What "Eternal September" means to anyone is different.

What I assert based on data (simply map the comments in to the join date of their authors and make a distribution) is that most large threads with a lot of discussion on this site have a recency bias: newly joined users post a disproportionate amount on the website. At any given time, any given thread will be more heavily commented on by newer users. Given that observation, Eternal September is largely personal: do you still value the content on the site given that recent posters create more of it. For me the answer, as borne our in data, is no. I find from ~ 2016 a change in the types of discussions on the site and find that the newer the poster distribution skews from that time period onward the less interesting the discussion becomes to me. That's really all. I'm glad that you still find value in the site but that makes sense: you're a newer user. Of course this may be your second or even nth account in which case I'm obviously wrong, but what I can be certain about is myself and my own preferences, and even those change over time.


Few points

> newly joined users post a disproportionate amount on the website.

What is your definition of a new user?

> For me the answer, as borne our in data, is no. I find from ~ 2016 a change in the types of discussions on the site and find that the newer the poster distribution skews from that time period onward the less interesting the discussion becomes to me.

I am curious: Can you elaborate on how such analysis is being made?


> What is your definition of a new user?

A poster that joined in the last 2-3 years.

> I am curious: Can you elaborate on how such analysis is being made?

Try doing analysis on the time at which posters in a thread joined this site.

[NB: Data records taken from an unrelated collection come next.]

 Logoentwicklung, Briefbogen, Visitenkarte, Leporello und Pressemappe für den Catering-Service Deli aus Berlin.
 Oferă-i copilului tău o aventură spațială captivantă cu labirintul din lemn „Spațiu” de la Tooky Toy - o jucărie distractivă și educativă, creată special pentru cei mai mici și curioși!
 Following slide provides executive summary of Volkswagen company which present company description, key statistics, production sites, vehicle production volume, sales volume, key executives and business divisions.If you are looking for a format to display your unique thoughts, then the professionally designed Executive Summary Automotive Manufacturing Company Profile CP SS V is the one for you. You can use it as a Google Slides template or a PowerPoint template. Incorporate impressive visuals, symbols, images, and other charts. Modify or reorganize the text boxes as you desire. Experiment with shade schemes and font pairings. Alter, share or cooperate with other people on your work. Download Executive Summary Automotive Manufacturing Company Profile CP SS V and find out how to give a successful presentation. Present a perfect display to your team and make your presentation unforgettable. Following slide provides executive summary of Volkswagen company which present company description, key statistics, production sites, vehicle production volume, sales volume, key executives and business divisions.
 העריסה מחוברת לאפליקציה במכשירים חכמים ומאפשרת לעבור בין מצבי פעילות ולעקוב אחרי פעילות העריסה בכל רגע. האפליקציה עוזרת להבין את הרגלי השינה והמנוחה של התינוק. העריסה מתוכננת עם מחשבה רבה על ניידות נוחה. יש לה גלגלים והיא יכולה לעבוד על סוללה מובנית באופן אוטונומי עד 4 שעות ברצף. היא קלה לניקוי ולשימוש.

I weigh their dates based on the number of times they comment in a thread. If you do that you'll see a recency bias. The mass of the distribution is clumped more heavily in the last 3 years since the article's submission. If you think about it, that makes a lot of sense. People are probably much more energized to comment when they first join and eventually get bored and stop. You point out a really similar effect out in your own analysis about posters that stop posting after a year.


this is my first account, and i understand your perspective. i did sometimes come to HN from 2015 onwards, but not enough to really get a feel for the level of content and conversation that happened. 2015 is still much later than you first started using it, so i can see how your older first impressions of this site led you to the conclusion that present-day HN is a shadow of its former self.

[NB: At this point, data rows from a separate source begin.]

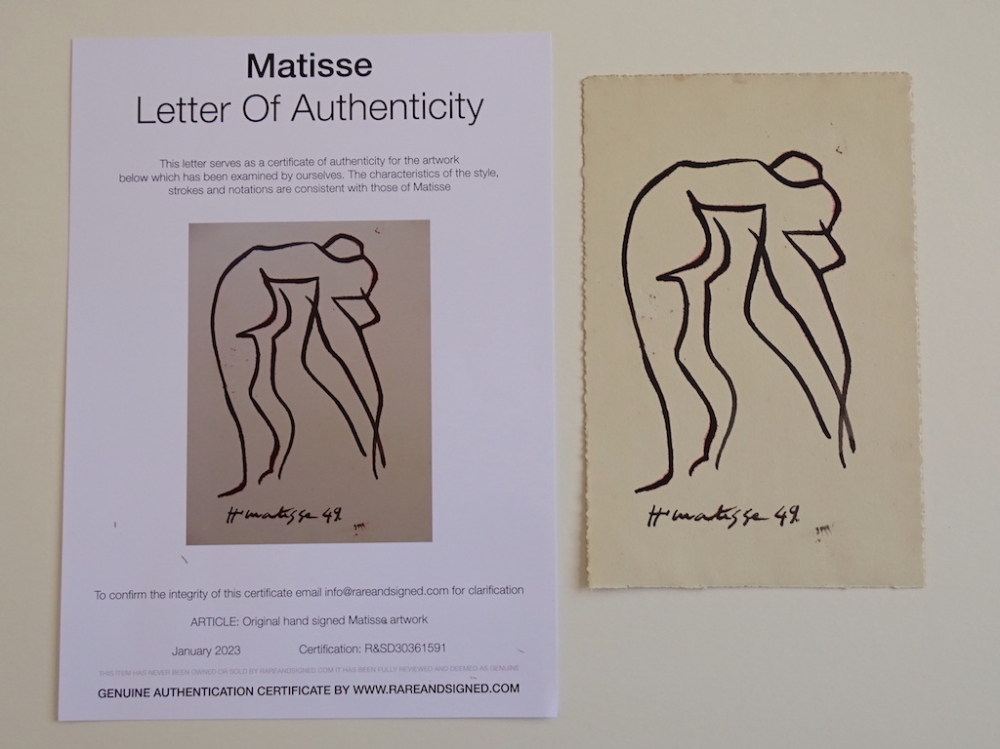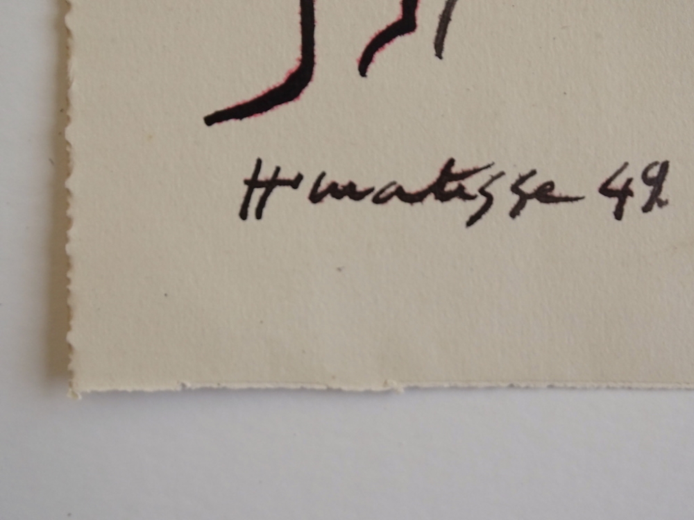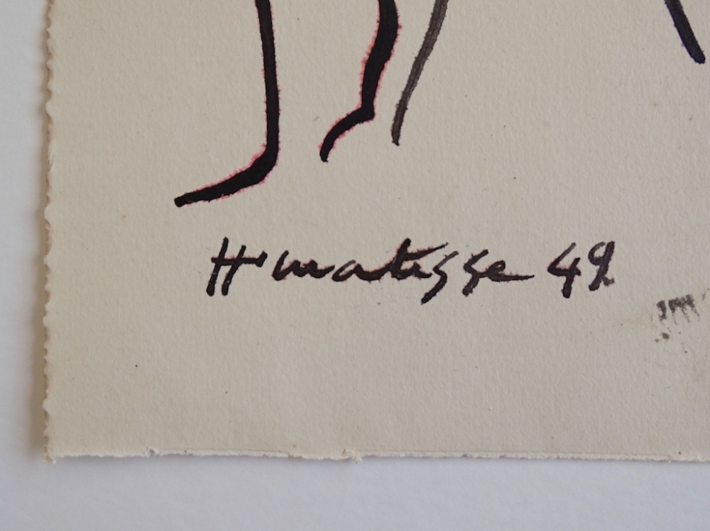 Henri Matisse (attributed), ink drawing Henri Matisse was a French visual artist, known for both his use of colour and his fluid and original draughtsmanship. He was a draughtsman, printmaker, and sculptor, but is known primarily as a painter.[1] Matisse is commonly regarded, along with Pablo Picasso, as one of the artists who best helped to define the revolutionary developments in the visual arts throughout the opening decades of the twentieth century, responsible for significant developments in painting and sculpture.
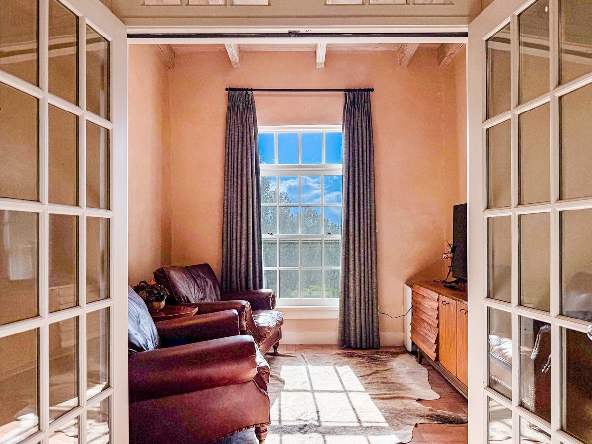 Nestled on 1.7 acres of lush, landscaped grounds near Bishop's Lodge Road, this timeless Territorial estate embodies the essence of Southwest living just five minutes from the Plaza. Behind a welcoming electronic gate, discover serene gardens and mature trees that set the tone for a private retreat filled with warmth and character. Inside, the residence unfolds with effortless grace, featuring hardwood and brick floors, tall ceilings and abundant natural light. The thoughtfully designed floor plan offers four bedrooms, three full baths, a three-quarter bath and a powder room, blending comfort and privacy throughout. Three inviting guest suites, each with its own en suite bath, are privately situated apart from the main living areas, providing an ideal layout for hosting family or friends. The elegant home captures the timeless charm of Santa Fe, where every detail invites relaxation and connection to the surrounding beauty.
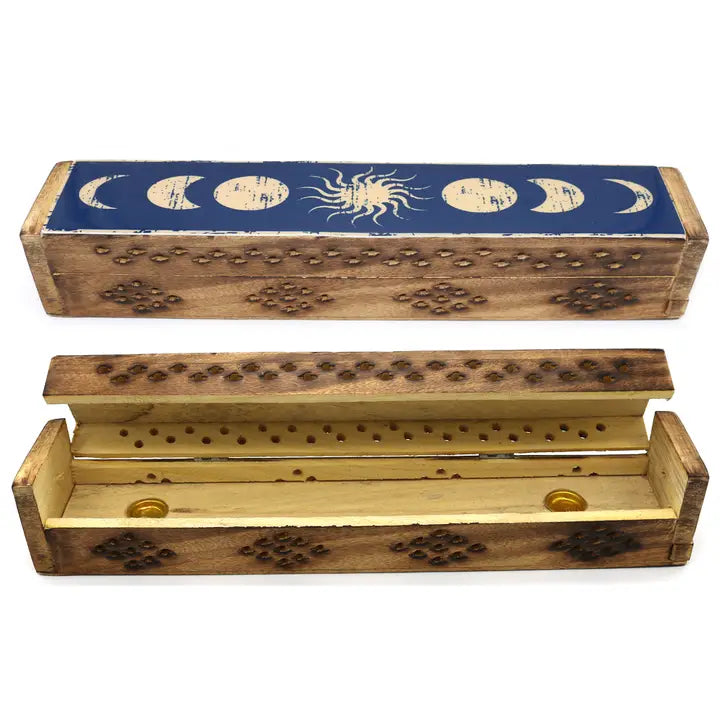 Wooden Incense Box Burner carved into an ornament for your home, holding up to four pieces of burning stick or cone incense at a time, its fragrant and purifying smoke gently rises through the many decorative cut-outs in the shape of diamonds. Burner is hand-carved in India from sheesham wood, also known as Indian rosewood. These burners combine a classical Indian style with your favorite aroma and are designed specifically to enhance the natural dance of the incense fragrant smoke as it wafts out of the hand-carved pattern. Size: 12" Length Material: Mango Wood Size, color & texture of wood may vary Handcrafted in India
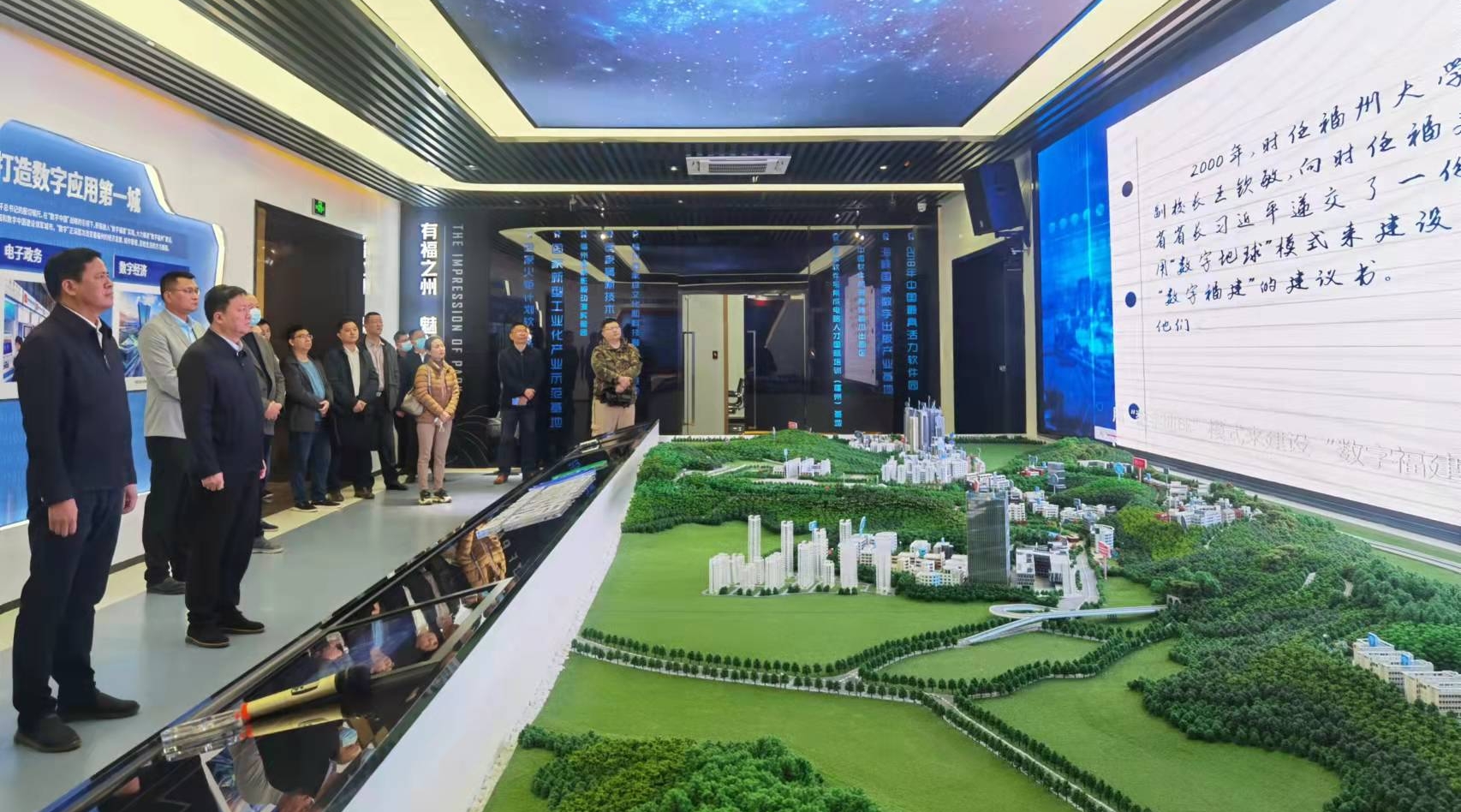 在福州软件园展厅,仙游县党政代表团一行认真听取鼓楼区领导介绍软件园建设和发展情况,福州软件园经过20多年深耕,从一张平面蓝图变成一座现代化生态新城。两地领导通过视频一起重温了习近平总书记当年在福建工作期间,高度重视福州软件园的建设发展,亲自推动设立、亲自擘画蓝图、亲自指导建设的历史,现场学习习近平总书记关于科技创新、“数字中国”“数字福建”建设等重要论述。

so i think we agree on everything, except that you're comparing pre-2016 to now, vs. me comparing 2020 to now, which leads to the opposite conclusions. excuse me for being a part of the less interesting era of posters ;-)

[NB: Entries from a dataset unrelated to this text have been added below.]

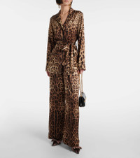 Leopard-print satin slingbacks
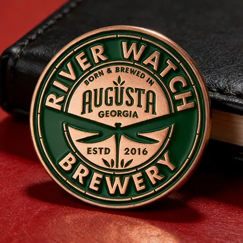 Augusta, Georgia's first craft brewery, is River Watch Brewery. To remember and commemorate River Watch Brewery members for their contributions with River Watch Brewery coins. These challenge coins are handed fill with green enamel colour border, feature the brewery-themed hop/grain symbol, and text is plated in copper colour.
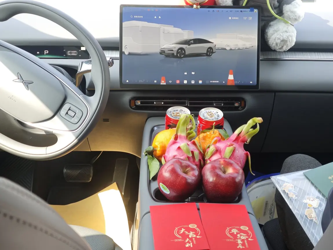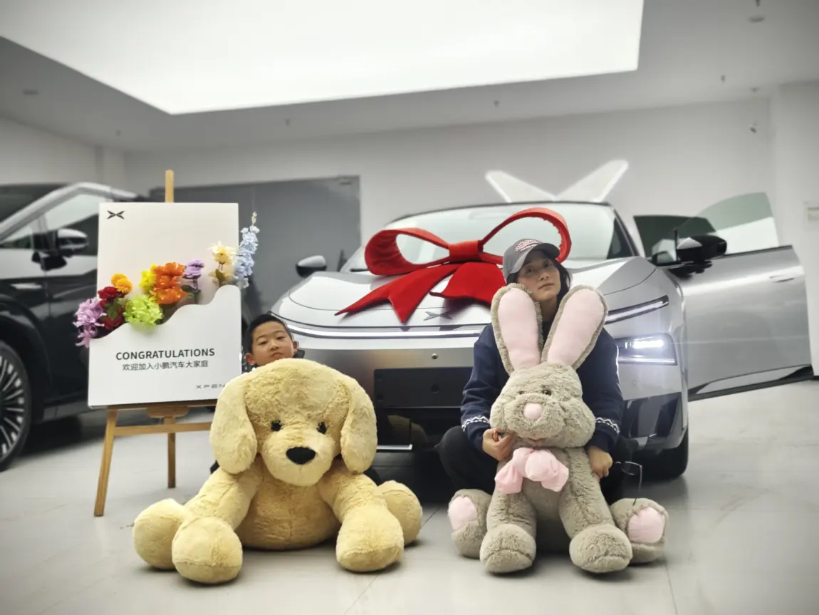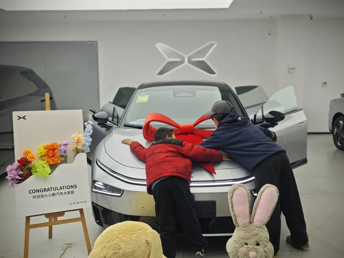 提前和交付专员约好时间,到店后签到→验车→办手续→临牌→交车仪式一气呵成,全程不到2小时,没有多余环节。交付区布置了鲜花、小鹏公仔,还帮忙拍了交车照,仪式感拉满。验车时专员全程陪同,绕车检查漆面、无框车门、电动尾门、星环灯,车内测试屏幕、语音、空调、座椅功能,逐项确认无误,新手也不用慌。随车充电枪、工具包、说明书清点齐全,交接清晰放心。

Something that makes this all harder is that HN and other sites don't exist in a vacuum. There's an external world that shapes the opinions and ideas of people.

When I joined HN, hacking was mostly for nerds. The real important tech people worked on chips or devices and the money makers were in finance. This has changed. With it has come an interest in lurid tech coverage, like the existence of sites like "Techdirt", and something about software has led to the growth of a tabloid style news interest in it in a way that never happened for hardware (probably an artifact of the rise of tech being concomitant and convergent with the evolution of the Internet.) There's also been a lot of other changes going on in the greater world as the internet has become a larger part of our lives. I suspect those changes outside "in the real world" that eventually finding itself into here.

For me the antidote has been more focused conversations on other sites like Discord or BlueSky but this is all very personal.